The goal is to break ground sometime before or during the college’s 150th anniversary celebration in 2024.


The Woods was awarded $1.5 million to expand its equestrian and athletic facilities.

“The majority of funds would be used to enhance and expand our equine event spaces. Our goal is to a enhance tourism in the West Central Indiana region,” said Karen Dyer, SMWC vice president for advancement and strategic initiatives.

Plans for the funds include updating the existing outdoor and indoor equine arenas, expanding parking for horse trailers, creating a pasture management system and improving equine event amenities to attract a new level of collegiate and non-collegial state and regional competition.

“Indiana’s horse industry is worth over $3 billion and horse show opportunities continue to rise,” said B.J. Riley, the college’s director of marketing. “With the upgrade to the arena, SMWC and Terre Haute will have the opportunity to host some of those shows,” bringing visitors who would frequent local hotels, restaurants and retail establishments.

A portion of the funds will also be used to enhance the north athletic campus with the addition of a new sprint football practice field. The creation of the field would also enable the college to draw in new middle and high school competitions, bringing additional tourism opportunities.

The field would be regulation size and could be used by any football team, Riley said.

Higher ed gets a boost

Tribune-Star file/Joseph C. Garza Riding skills on display: Hannah Rogers of Worthington guides her horse, Cookie, around a barrel during a show for family and friends as part of the Saint Mary-of-the-Woods College’s equine summer camp on June 18, 2021 in the outdoor arena near the program’s stables. The college was awarded a $1.5 million READI grant to expand its equestrian and athletic facilities.

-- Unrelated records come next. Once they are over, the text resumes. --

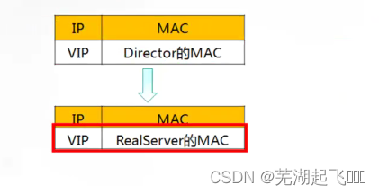 路由器收到ARP请求后,将更新ARP表项 原有的VIP对应Director的MAC地址会被更新为VIP对应RealServer的MAC地址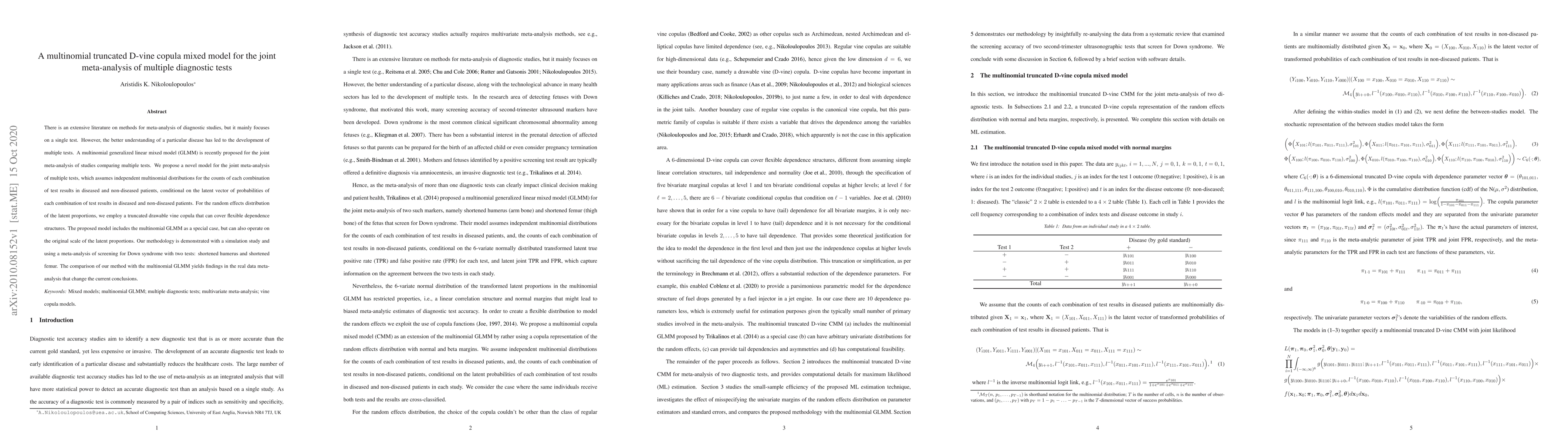 This paper proposes a novel multinomial truncated D-vine copula mixed model for joint meta-analysis of multiple diagnostic tests, offering a flexible dependence structure compared to existing methods. The model is demonstrated through simulation and a real-world application to Down syndrome screening, yielding different conclusions than previous methods.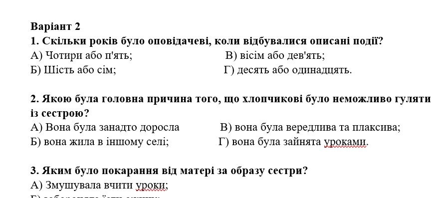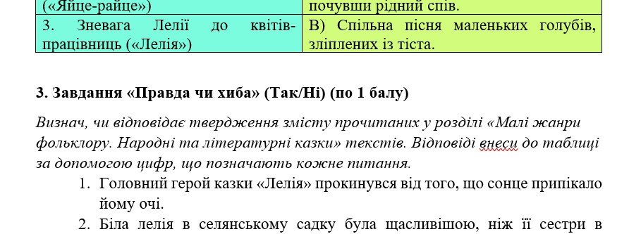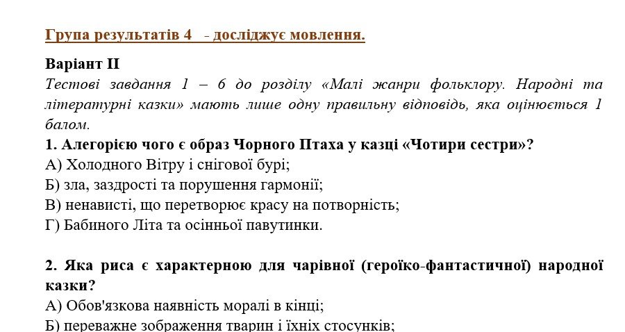 Комплексна підсумкова робота. 5 клас. Українська література “Малі жанри фольклору. Народні та літературні казки” за чотирма ГР (МНП Яценко) 2 варіанти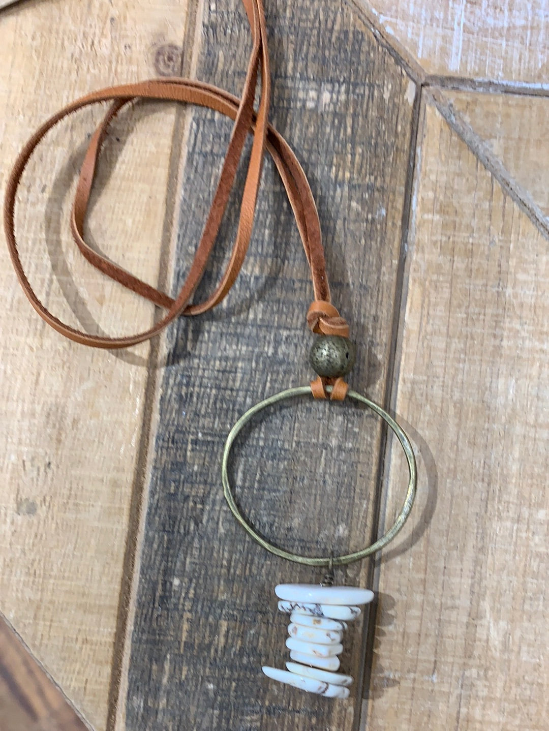 Turquoise Chip and Antique Gold Hoop on Brown Deer Skin Leather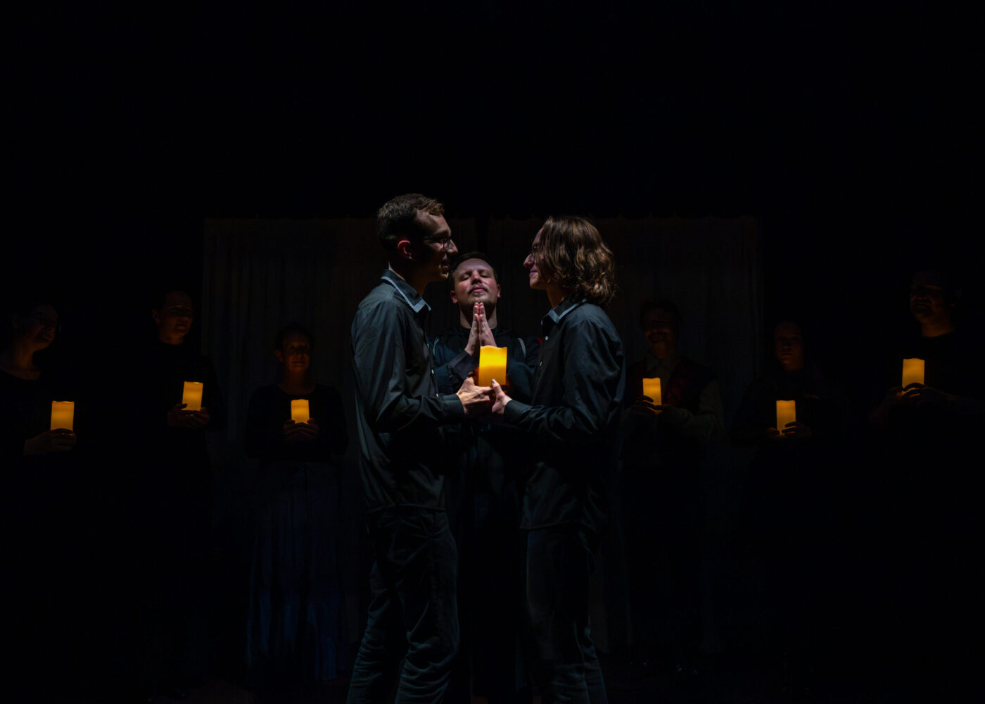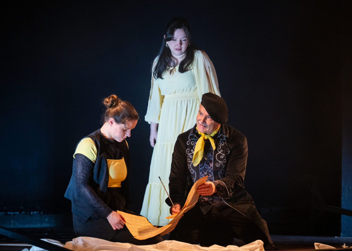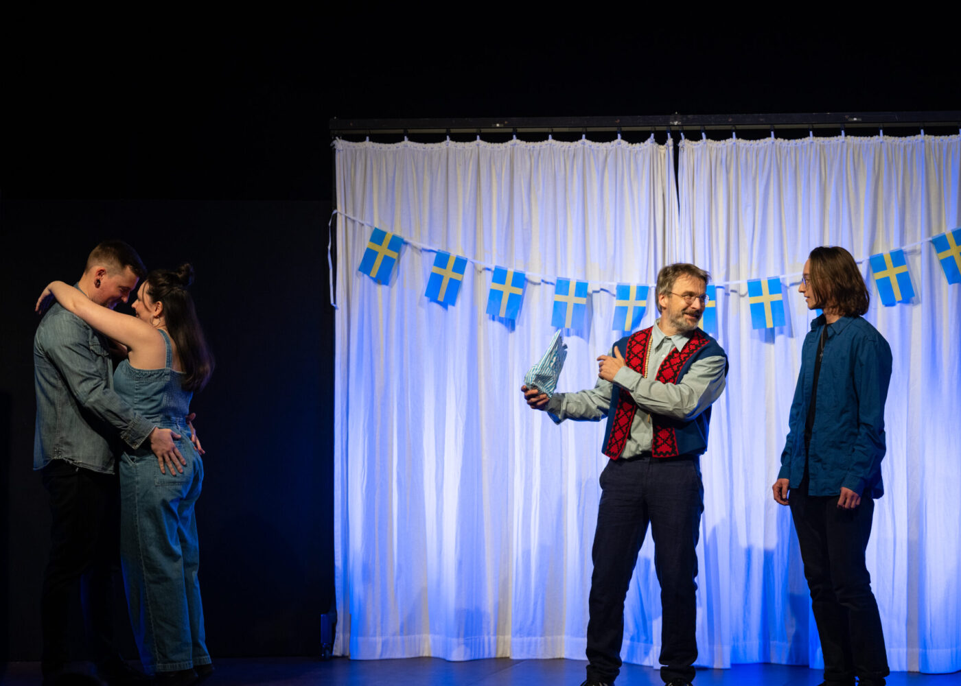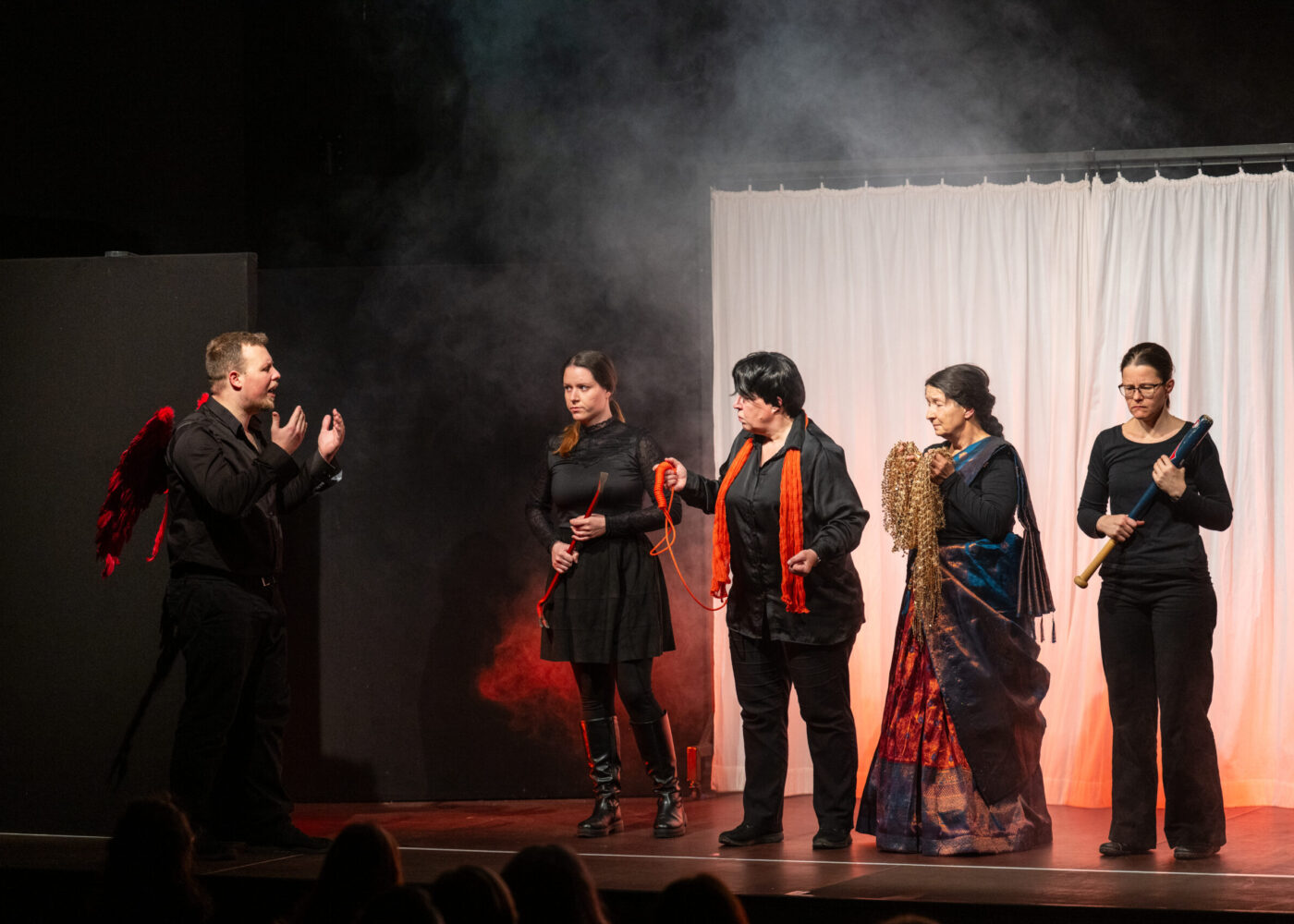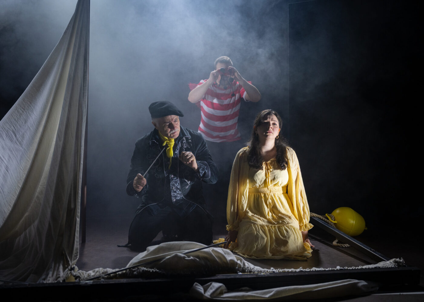 So bunt wie in der Liebe geht es auch auf der Bühne zu: Immer wenn von einer zur nächsten Story gesprungen wird, leuchten die Kostüme und die Dekoration in einem anderen prägnanten Farbton. Das gilt auch für den Vorhang, der schon mal zum Fahrstuhl, zur Plakatwand, zum Gefängnis, zum Königsmantel oder zur Spiegelfläche wird. Vor dem Vorhang spielt sich ein Drama der Jetztzeit ab, und wenn er sich öffnet, steht dahinter schon Personal aus dem 19. Jahrhundert bereit. Das minimalistische Prinzip rückt die Emotionen der Figuren in den Fokus – und davon gibt es pro Staffel so viele, dass unser Ensemble jeweils mehrere Rollen verkörpert.

Dyer noted that all four colleges were awarded READI grants. “I think that’s significant. The colleges have been trying to say that Terre Haute is a college town, and we’d like Terre Haute to own itself as a college town,” she said.

The four colleges collectively have more than 20,000 students (a figure that includes Ivy Tech’s Greencastle campus), officials state.

“They bring so much,” Dyer said. Many of them are from West Central Indiana.

“Those students help drive the economy of our community, and of course, those of us who work at the colleges are part of the local economy as well,” Dyer said. “We think collectively the colleges have something to offer our community,” contributing to its growth, quality of place and tourism.

The grant matching requirement is 2-1 for the public universities (university-generated funds to READI dollars) and 3-1 for the non-profit independent colleges (nonprofit college-generated funds to READI dollars), Goode said.

“I believe we may have some flexibility for non profit organizations — we are still working through that with the IEDC,” he said. A plan identifying matching dollars must be in place and presented to the local RDA no later than mid-year 2024. The RDA then submits the project to the state.

READI funding must be spent by 2026.